Зная о неспособности Романа контролировать себя, Маркус протягивает руку и берет меня за талию, прежде чем мягко оттащить за пределы досягаемости Романа. Я убираю руку от его причиндалов, когда чувствую его губы у своего уха.

— Точка зрения доказана, — бормочет он, кивая на четверых мужчин, приближающихся к особняку. — Можем мы сосредоточиться на этом, прежде чем ты дашь моему брату повод оторвать мой член прямо от тела?

Я не свожу с Романа пристального взгляда, удерживая его с той же силой, с какой он удерживает мой, и вынуждена отвести глаза, только когда четверо кузенов достигают нижней ступеньки и отказываются идти дальше.

Роман вздыхает, и мы вчетвером направляемся к ним, не в настроении вести этот разговор, перекрикиваясь туда-сюда на лестнице.

Мы проходим три четверти пути вниз по лестнице, когда Роман решает, что мы зашли достаточно далеко.
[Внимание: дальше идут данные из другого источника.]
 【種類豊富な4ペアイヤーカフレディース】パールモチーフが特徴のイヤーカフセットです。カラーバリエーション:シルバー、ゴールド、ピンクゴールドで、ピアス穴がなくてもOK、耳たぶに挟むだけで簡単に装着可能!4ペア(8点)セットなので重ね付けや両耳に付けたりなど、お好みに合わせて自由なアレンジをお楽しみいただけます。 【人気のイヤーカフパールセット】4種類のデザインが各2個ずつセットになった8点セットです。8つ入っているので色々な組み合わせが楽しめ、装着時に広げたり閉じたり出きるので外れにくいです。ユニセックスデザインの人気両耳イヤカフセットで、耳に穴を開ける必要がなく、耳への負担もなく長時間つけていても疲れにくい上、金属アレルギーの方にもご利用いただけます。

Он останавливается, и его братья оказываются на одной ступеньке с ним, а я отступаю на несколько шагов, не желая подходить так близко, тем более что брат, который гнался за мной по длинному коридору, похоже, только и делает, что пялится на меня.
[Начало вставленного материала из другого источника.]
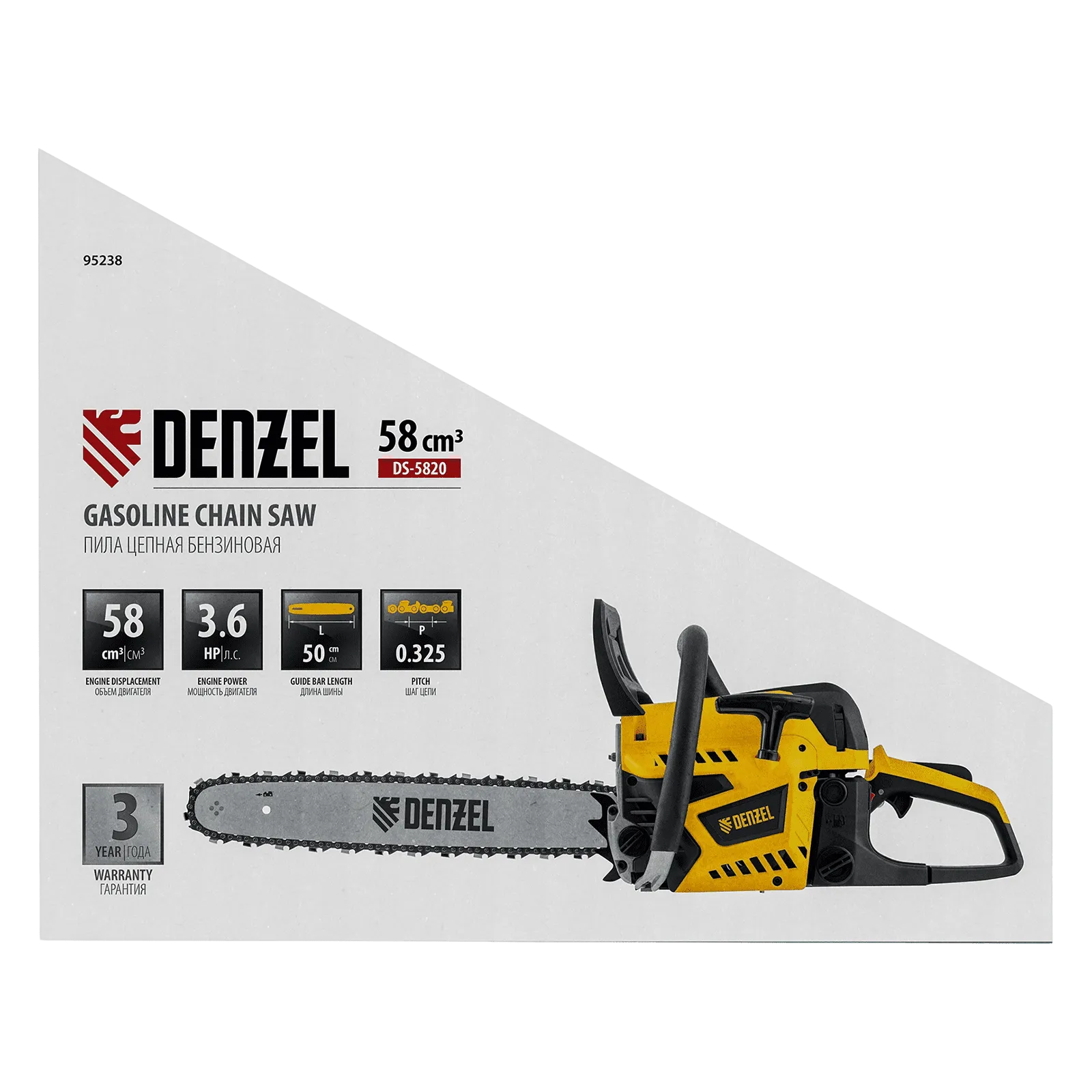 Бензопила DS-5820, шина 50 см, 58см3, 3,6 л.с., шаг 0,325, паз 1,5 мм, 76 зв DenzelПРОФИУровень качества. При классификации продуктов, имеющих схожее наименование, но обладающие различными потребительскими свойствами мы приняли следующий Вес факторов: 80% - подтвержденный ресурс, 15% - заявленная производительность/скорость, 5% - субъективные ощущения потребителя. ПодробнееКод товара: 0080782(0)374.02 руб. Скидка только для физ. лиц 4% 359.05 руб. за шт

— Есть более традиционные способы договориться с нами о встрече, — комментирует Леви, которому, похоже, уже наскучил разговор.

Самый старший брат стоит в центре четверки и поднимает подбородок, пытаясь выглядеть так, будто он не обделался, но я вижу страх в глубине его глаз, даже в темноте, окружающей особняк.

— У нас не осталось выбора, — говорит он. — Наш отец был убит три дня назад, а наш брат всего за несколько недель до этого. Мы в отчаянии.

Маркус двигается всего на дюйм, и этого достаточно, чтобы четверо братьев напряглись, более чем осознавая, насколько неуравновешенным может быть их кузен.

— Отчаявшиеся люди совершают отчаянные ошибки.

Парень, который гнался за мной, рычит на Маркуса, его грязный взгляд осматривает его, как дерьмо у него под ботинком.

— Мы не совершаем ошибок.

Маркус усмехается.

— Стоять за закрытой дверью ванной, разговаривая о своем плане встретиться здесь после вечеринки, не считается секретом? Потому что это, блядь, звучит именно так. Ты выдал себя в тот момент, когда открыл рот. Итак, в чем дело?

Старший брат свирепо смотрит на моего преследователя и снова обращает внимание на себя, а двое других молча стоят рядом, слишком напуганные, чтобы даже открыть рты.

— Луи убил нашего отца, — заявляет он, давая понять, что они не так умны, как думают. — Он пришел в дом нашей семьи, привязал его к гребаному стулу и сжег имущество дотла. Я хочу его крови.

Кривая усмешка растягивает губы Романа, и хотя я вижу грубую правду в том, что он смеется над этими дураками за то, что они не поняли, что здесь на самом деле происходит — они же не видят ничего, кроме невменяемого, извращенного человека, которого возбуждает идея пролития крови.

— Тогда возьми ее. Чего ты ждешь? Он был здесь сегодня вечером. Ты мог покончить с ним в любой момент, и все же ты стоишь здесь, у подножия нашей лестницы, поджав хвост. Ты слаб. Вы все слабы.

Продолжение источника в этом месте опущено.